Artificial sweeteners have been getting a bad rap lately, one that has pushed them to the top of the list of additives consumers try to avoid. According to surveys by NMI, a consumer research firm, 59% of Americans say they are concerned about the negative effects of artificial sweeteners. About one-third of them are searching for all-natural, noncaloric sweeteners.
Searching For The Elusive Natural, Noncaloric Sweetener
That wariness explains the popularity of sweeteners derived from the stevia plant, including brands such as Cargill’s Truvia. But stevia use has risen slowly because of supply constraints, the bitter aftertaste of stevia’s glycosides, and problems with consumer perception. “People don’t understand how you get a sweetener from a plant,” says Diane Ray, NMI’s vice president of strategic innovation.

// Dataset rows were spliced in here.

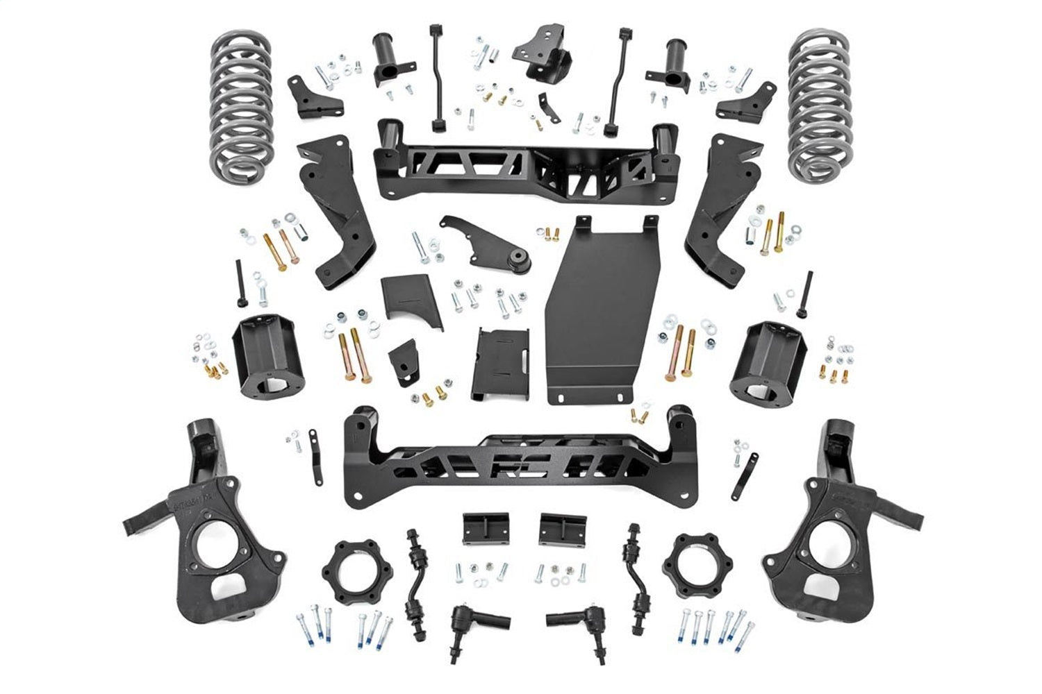 Get the look you really want with Rough Countrys 6- in. Suspension Kits for the Chevrolet Tahoe and GMC Yukon. These premium kits provide clearance for a 305/55R20 tire while reducing the factory rake for a leveled stance and is packed with impressive features including; High clearance cross members and brackets precision laser cut for a perfect fit, a set of beefy lifted knuckles designed for optimum geometry and lifted rear coil springs that are perfectly dialed in for driving stability. Includes Rough Countrys Lifetime Replacement Warranty.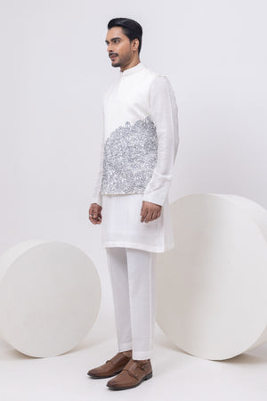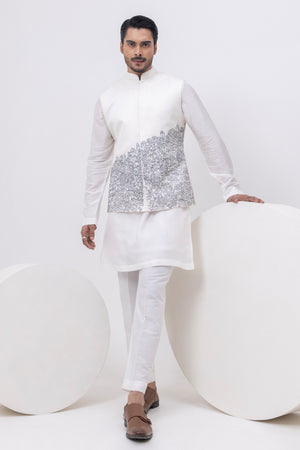 A statement Nehru jacket featuring intricate black embroidery of clustered architectural motifs, a skyline of stories etched in thread. Understated yet unforgettable, this piece blurs the line between structure and style.(Includes kurta and pants)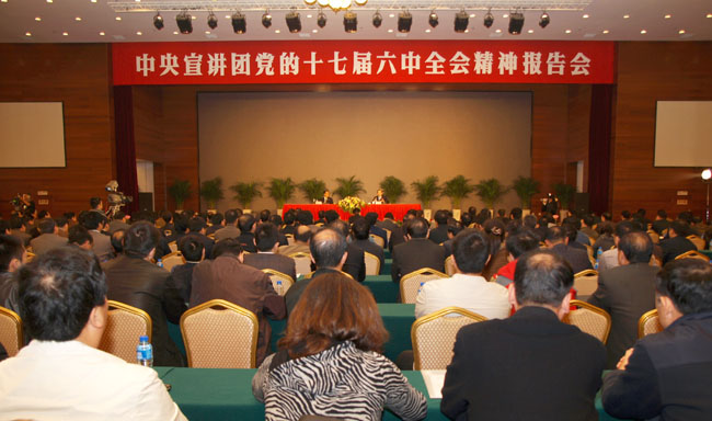 11月3日上午,中央宣讲团党的十七届六中全会精神报告会在西安举行。中央宣讲团成员、中宣部副部长、中央外宣办主任王晨进行宣讲。省委书记赵乐际主持。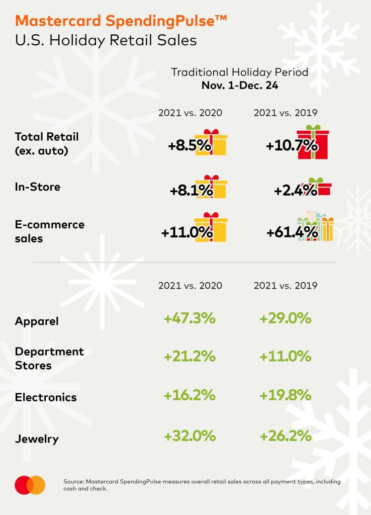 Findings from Mastercard SpendingPulse underscore the strength of the holiday shopper across channels, with consumers returning to stores (+8.1% YOY), and e-commerce continuing to expand, up 11% compared to 2020.

One way to get around stevia’s problems may be to make the glycosides via fermentation by modified yeast. That’s the tactic being pursued by the biotech firm Evolva. Last year the Swiss company joined with Cargill to develop and commercialize fermentation-derived steviol glycosides. The partners began pilot production late last year.
The sweetest and least bitter glycosides occur in only small amounts in the stevia leaf, explains Evolva’s chief executive officer, Neil Goldsmith. “We can make more of these better-tasting components individually even if there are very low concentrations in the plant,” he says. By blending some of the better components together, Evolva could create products sweet enough to flavor soda without the bitter aftertaste.
The other benefit is that it may be cheaper and more effective to scale up a fermentation process than to increase production of the stevia plant on the farm. “If you want to access a large amount of those molecules, then fermentation is going to be the only way to go after them,” Goldsmith asserts.
But stevia already has competition from an odd little melon relative called monk fruit. Long known in China as luo han guo, the monk fruit contains sweet components called mogrosides in its rind and flesh. The sweetness is accompanied by a fruity taste, rather than a bitter one.
A New Zealand firm called BioVittoria worked with Tate & Lyle, a Cargill competitor in the sweetener business, to commercialize an extract that is 150 times as sweet as sugar. BioVittoria set up a subsidiary in China to produce monk fruit extract from its own plant variety; the Chinese government prohibits the export of the fruit or its seeds.
Observant Americans may see monk fruit on grocery store shelves in the form of Zevia-brand diet sodas and Skinnygirl liquid sweetener. “The idea of sweetener coming from fruit is a much easier connection for consumers,” Ray says. “When it gets more muscle behind it, it will get consumer attention.”